Calculate the energies needed to remove an electron from the \(n=1\) state and the \(n=5\) state in the \(\mathrm{Li}^{2+}\) ion. What is the wavelength (in \(\mathrm{nm}\) ) of the emitted photon in a transition from \(n=5\) to \(n=1 ?\) The Rydberg constant for hydrogen like ions is \((2.18 \times\) \(\left.10^{-18} \mathrm{~J}\right) Z^{2},\) where \(Z\) is the atomic number.

The Rydberg constant for ions is an essential element in quantum mechanics, specifically when dealing with the energy levels of hydrogen-like ions, which are atoms that have lost all but one of their electrons. When calculating the ionization energy required to remove this single electron, the Rydberg formula is used. The standard Rydberg constant value for a hydrogen atom is approximately 2.18 x 10^-18 J. However, for ions, the constant must be adjusted to account for the increased nuclear charge, achieved by multiplying the Rydberg constant by the square of the atomic number (Z²).
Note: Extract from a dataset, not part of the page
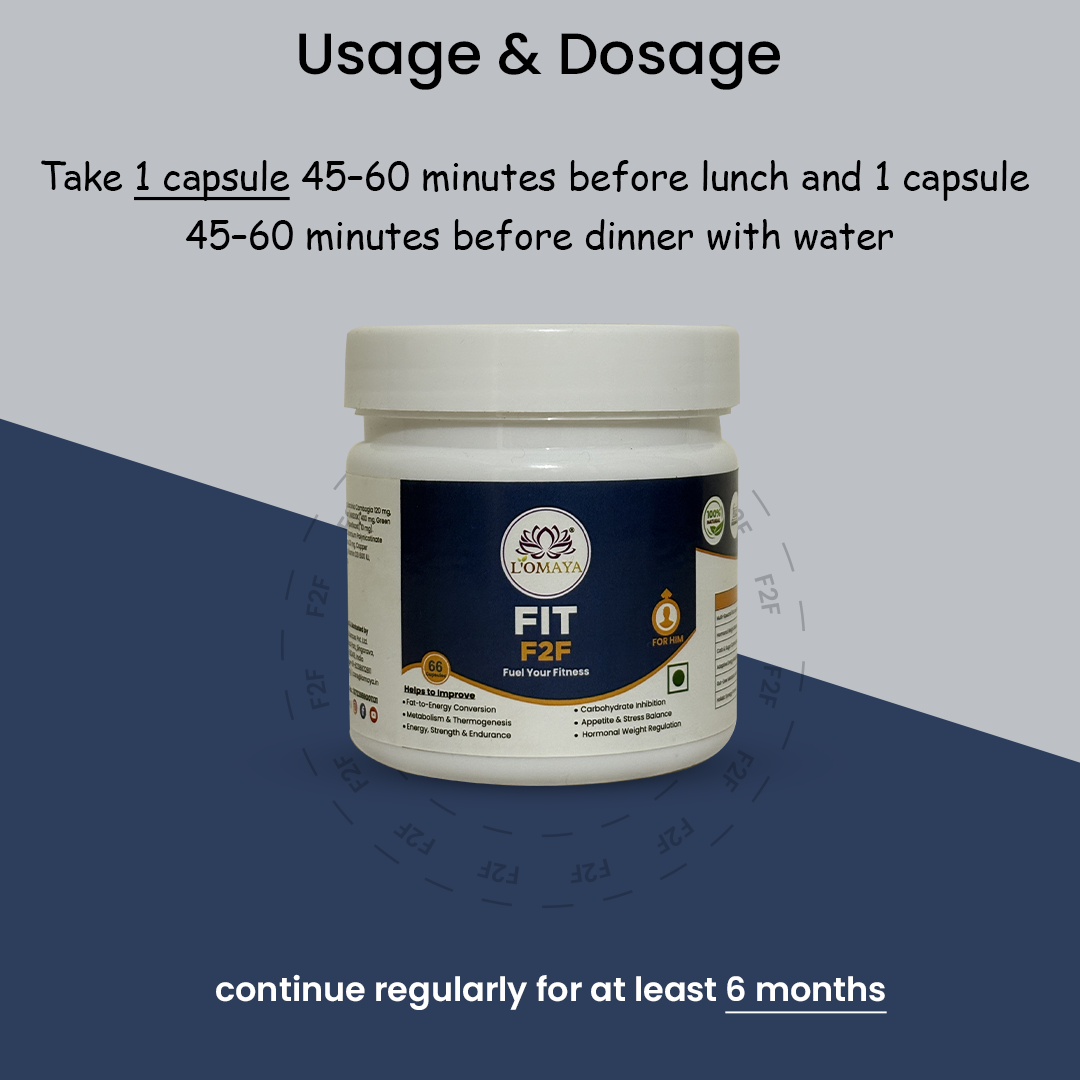 Take one capsule 45–60 minutes before your main meal (e.g., lunch) and one before dinner with water. Use consistently every day for at least 3–6 months to allow your metabolism and hormone systems to adapt and maintain the leaner state long-term.

In the context of our exercise, the lithium ion (Li²⁺), having an atomic number of Z=3, modifies the Rydberg constant to be used in the energy calculation formula as:
\( R_{ion} = R\times Z^{2} \).
This adjustment of the Rydberg constant for ions ensures that we accurately calculate the energy levels for ions that differ significantly from neutral hydrogen atoms due to the much stronger electrostatic attraction between the nucleus and the remaining electron.
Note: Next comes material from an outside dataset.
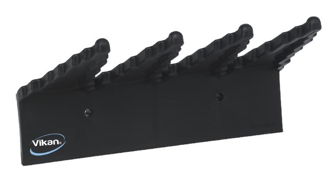 This is Mop Holder Black manufactured by Vikan. The manufacturer part number is 06159. Furthermore, the product is 170mm wide. It has a decent black colour. The product is made from highly stable and reliable polypropylene. Additionally, it has 4 tools held . Additionally, it has a hanging type attachment .
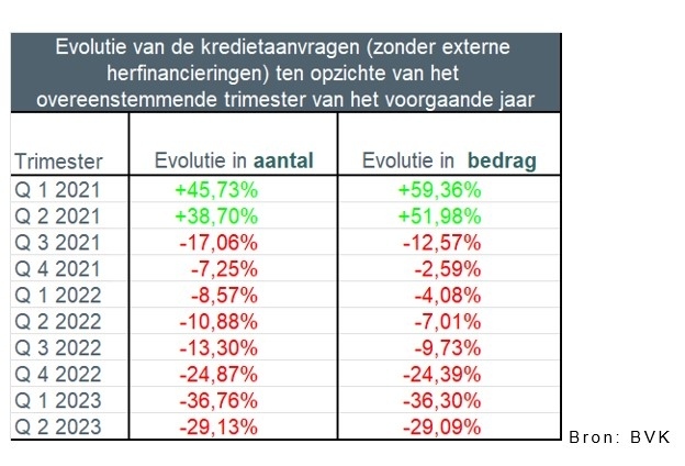 Het aantal kredietaanvragen (excl. deze voor herfinancieringen) is in het tweede trimester van 2023 gedaald met iets meer dan 29% ten opzichte van het tweede trimester van 2022. Het bedrag van de kredietaanvragen daalde eveneens met ongeveer 29% ten opzichte van 2022. Er werden zodoende iets meer dan 70.000 kredietaanvragen ingediend voor een totaalbedrag van bijna 13 miljard EUR.

Understanding electron transition energy is crucial when dealing with phenomena such as emission of light or ionization processes. Transition energy refers to the energy difference between two electron orbits, or energy levels, in an atom. In hydrogen-like ions, an electron can transition from a higher energy level to a lower one, releasing energy in the form of a photon.

Each energy level in an atom is quantized and defined by the principal quantum number (n). The transition energy, in this case between the states from n=5 to n=1, is calculated using the formula:\[ E_{transition} = E_{n=1} - E_{n=5} \],where \( E_{n} \) is the energy of the electron in the nth state. In our exercise, the sizable difference in energy between these two states corresponds to the emission of a photon with considerable energy. The value obtained after calculation reveals the precise energy of the photon that is released when the electron makes this specific transition. This is vital to understand because the energy of the photon directly determines the color of the light observed, with high-energy transitions corresponding to light towards the blue end of the spectrum, while lower-energy transitions yield light towards the red end.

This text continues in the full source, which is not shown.